The suit said Avangrid, Iberdrola and Prosegur allowed the sharing of SLI’s trade secrets and bidding information with competitors. “On numerous occasions, the utilities defendants reissued earlier [requests for proposals] — for which SLI had already submitted best and final offers — to facilitate favored vendors, which would submit new bids styled to incorporate misappropriated SLI business secrets,” it said.

Avangrid and Iberdrola “eschewed competitive bidding, engaged in customer and market allocation, and steered contracts to vendors willing to provide equipment and services that were neither competitively priced nor situationally appropriate (and in some cases unnecessary altogether).”

Silva’s suit describes Prosegur as “a physical security company that would normally engage in the installation of video cameras and provide physical security and monitoring services … [that] has neither particular expertise in hardware and software sourcing nor in design and engineering services. Yet Prosegur entities were repeatedly chosen to bid on contracts requiring large-scale hardware acquisitions they were self-evidently unqualified to undertake and were awarded numerous sole-source contracts for related procurements and personnel.”

Prosegur declined to comment. But Cipher Security COO and CFO Andre Viera Rolim, who was named a defendant in the suit, said in an email: “The company wants to highlight that it is always at the disposal of the authorities and courts of justice to collaborate in everything that is requested. Prosegur always acts with full respect for the rules and current legislation.”

Thermo-Bond-Buildings-(Thermobond)-Content.jpgAvangrid allegedly paid excessive prices to Thermo Bond Buildings, which makes communication shelters, substation buildings and modular data centers. | Thermo Bond Buildings

The suit alleges that UTI increased its warehouse three times over the past several years to store “tens of millions of dollars” in unneeded hardware equipment purchased to achieve Avangrid’s quarterly capital expenditure targets.

Among the equipment procured were “tens of millions of dollars of overpriced and/or unnecessary hardware,” including from Thermo Bond Buildings, which makes communication shelters, substation buildings and modular data centers. Other equipment included Nokia, CISCO and Pivot3 equipment “in wildly excessive quantity.” Avangrid also purchased excessive amounts of data storage and unnecessary software systems, SLI said.

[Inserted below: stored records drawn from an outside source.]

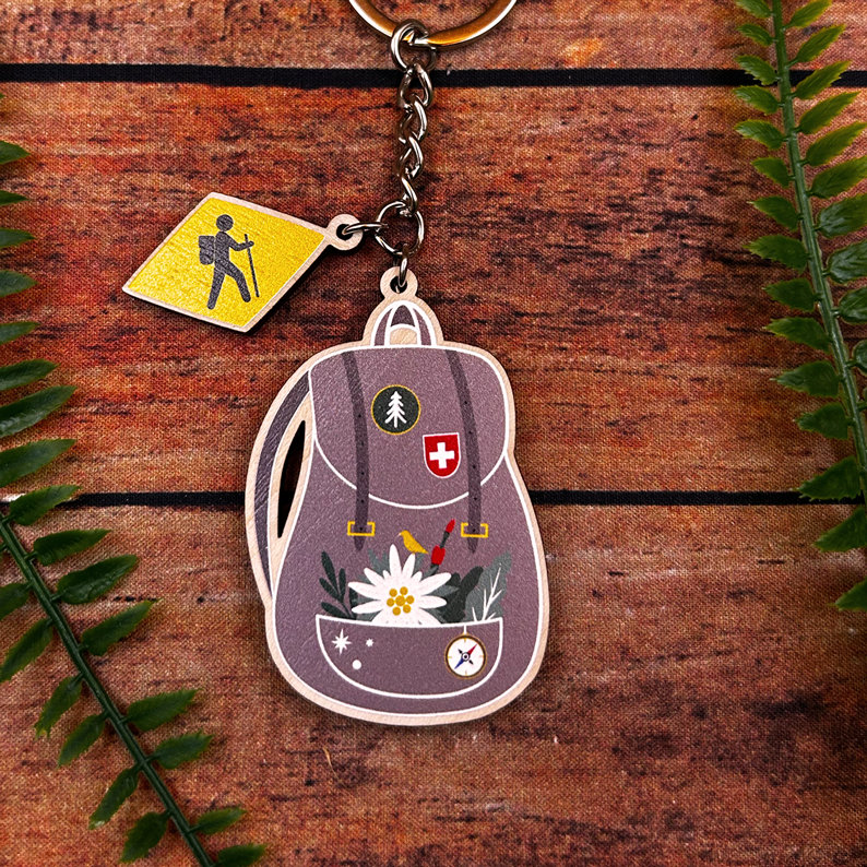 Mit diesem kleinen Rucksack-Schlüsselanhänger mit Wanderschild-Anhänger haben Sie die Magie einer Wanderung in den Schweizer Alpen immer dabei. Der Schlüsselanhänger ist UV-gedruckt auf 4 mm starkem, nachhaltig gewonnenem MDF mit Ahornfurnier. Das perfekte Schweizer Geschenk und Souvenir!
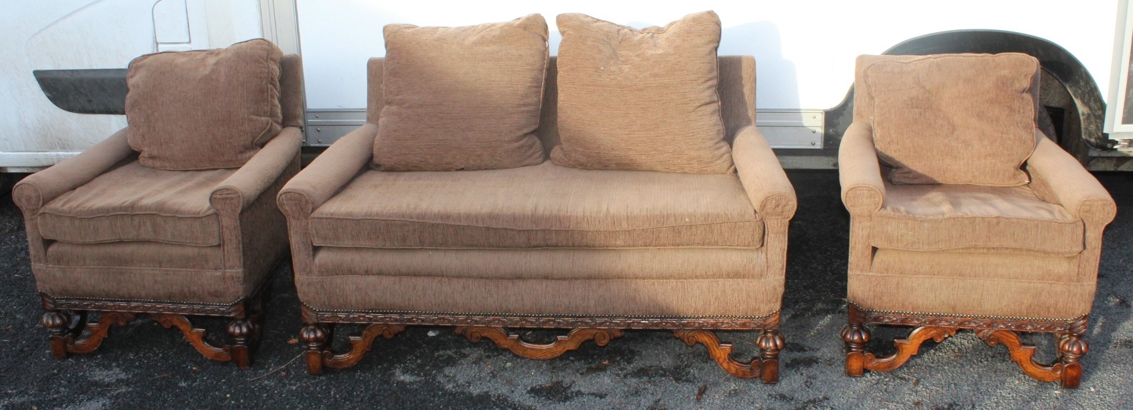 1920s Oak Framed 3 Piece Suite in Brown Upholstery
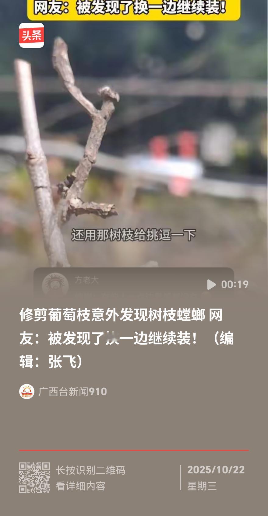 笑喷!螳螂装树枝被识破,淡定换姿势接着演,网友:3遍没看出破绽 广东大哥剪树

UTI did not respond to a request for comment.

Leaked Bid Information

David-Lathrop-Charlie-Von-Stetten-(David-Lathrop-Charlie-Von-Stetten-via-LinkedIn)-Content.jpgA lawsuit alleges that while working for Avangrid, David Lathrop (left) allegedly leaked confidential bidding information to Unlimited Technology Inc. through UTI executive Charlie Von Stetten. UTI later hired Lathrop as vice president of utilities. | David Lathrop & Charlie Von Stetten via LinkedIn

The suit said Silva learned in 2018 that David Lathrop, Avangrid’s manager of security technical services, conveyed confidential bid information to UTI through Charlie Von Stetten, UTI’s operations director. “Lathrop would habitually leave vendors’ bids open on his desk. On various occasions during that period, Silva witnessed Von Stetten whispering to Lathrop, after which Lathrop would leave his office. During Lathrop’s absence, Von Stetten would take notes on the bids, sometimes even photographing them with his cell phone.”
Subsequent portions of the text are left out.